◆ **What this task involves**
All of the data that follows should be given again exactly, without its images.

[Source records]
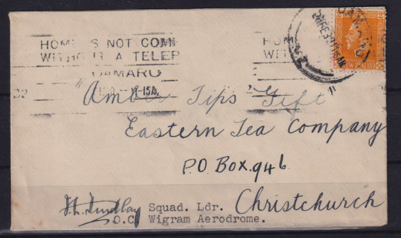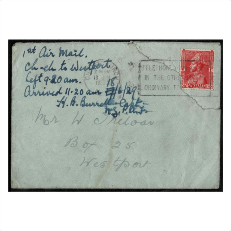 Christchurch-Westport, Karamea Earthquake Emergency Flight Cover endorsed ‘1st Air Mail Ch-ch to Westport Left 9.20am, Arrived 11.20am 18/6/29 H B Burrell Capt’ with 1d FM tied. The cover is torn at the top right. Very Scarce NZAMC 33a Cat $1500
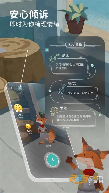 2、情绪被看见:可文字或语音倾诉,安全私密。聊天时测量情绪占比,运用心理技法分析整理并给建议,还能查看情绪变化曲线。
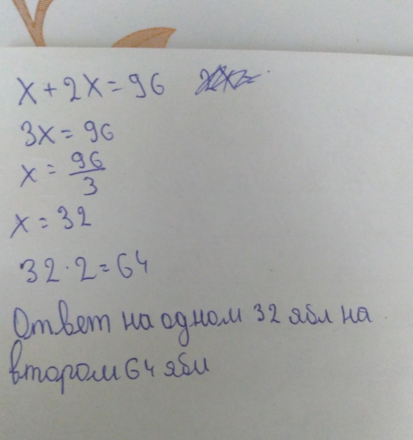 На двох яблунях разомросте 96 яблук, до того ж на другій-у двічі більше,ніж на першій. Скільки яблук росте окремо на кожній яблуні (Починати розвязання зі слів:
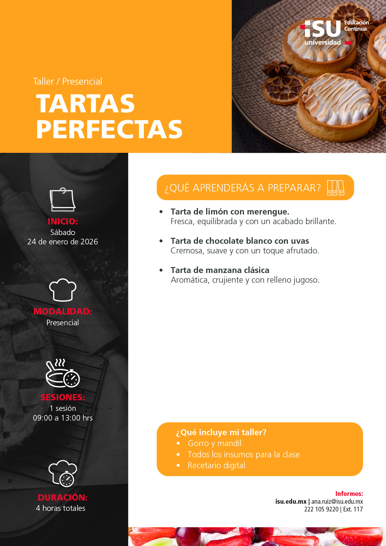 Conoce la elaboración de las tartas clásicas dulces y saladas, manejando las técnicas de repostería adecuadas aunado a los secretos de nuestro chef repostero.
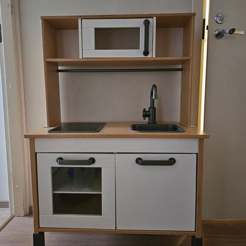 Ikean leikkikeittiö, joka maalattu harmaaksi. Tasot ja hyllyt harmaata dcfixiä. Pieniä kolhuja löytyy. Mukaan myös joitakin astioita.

◆ **Finished exercise**
 Christchurch-Westport, Karamea Earthquake Emergency Flight Cover endorsed ‘1st Air Mail Ch-ch to Westport Left 9.20am, Arrived 11.20am 18/6/29 H B Burrell Capt’ with 1d FM tied. The cover is torn at the top right. Very Scarce NZAMC 33a Cat $1500
 2、情绪被看见:可文字或语音倾诉,安全私密。聊天时测量情绪占比,运用心理技法分析整理并给建议,还能查看情绪变化曲线。
 На двох яблунях разомросте 96 яблук, до того ж на другій-у двічі більше,ніж на першій. Скільки яблук росте окремо на кожній яблуні (Починати розвязання зі слів:
 Conoce la elaboración de las tartas clásicas dulces y saladas, manejando las técnicas de repostería adecuadas aunado a los secretos de nuestro chef repostero.
 Ikean leikkikeittiö, joka maalattu harmaaksi. Tasot ja hyllyt harmaata dcfixiä. Pieniä kolhuja löytyy. Mukaan myös joitakin astioita.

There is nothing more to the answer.